Неожиданно тишину ночи просверлил громкий милицейский свисток: их догоняли.

Остановились.

- Милиция, - сказал один из парней, следовавших сзади. - Все.

- Моли бога, - сказал чернявый Ивлеву.

Подошел милиционер.

- Кончайте эту канитель. Давайте, давайте... Давайте разойдемся.

Чернявый и два его друга ушли.

Ивлев закурил с милиционером (милиционер был молодой парень).

- Влюбился, что ли? - спросил он.

- Влюбился, - просто сказал Ивлев.

- Нда-а... Интересное дело, между прочим: когда влюбляются, малость дураками делаются.
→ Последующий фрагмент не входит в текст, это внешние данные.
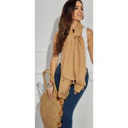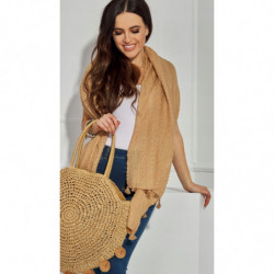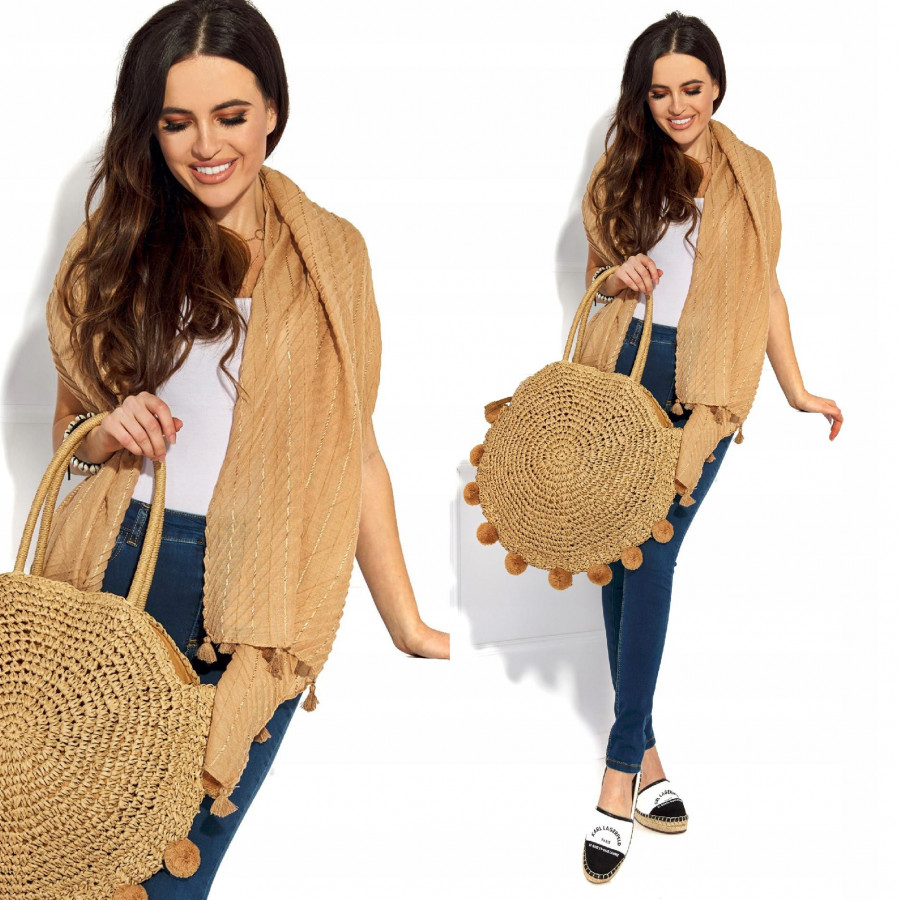 SZAL DAMSKI CAMEL KARBOWANY frędzle wiosna/lato

Я по себе знаю... - шли по улице, направляясь к клубу. - Я, значит, когда влюбился, - а она за рекой жила, жена-то моя теперь, - так я ночью к ней через реку на руках плавал. Опасно, все-таки, - ночь, а вода у нас в реке холодная, сведет судорогой - хоть закричись тогда. Нет - плыл!

- Она где живет, не знаешь? - спросил Ивлев.

- Кто?

- Эта девушка-то... ну, эта...

- Она - там, - неопределенно сказал словоохотливый милиционер. Помолчал немного и добавил с искренним участием: - Мой тебе совет: отстань от нее.

- Почему?

- По-моему... черт ее знает, конечно, но по-моему, она того... Я уж со вторым ее замечаю. До этого черненького еще один был. Тот здоровый. Уехал чего-то. Может, из-за нее. Но красивая!... Это ж надо такой уродиться. Измучаешься с такой. Пойди с ней куда-нибудь - вся душа изболит: на нее же оглядываются все... Нервы надо железные.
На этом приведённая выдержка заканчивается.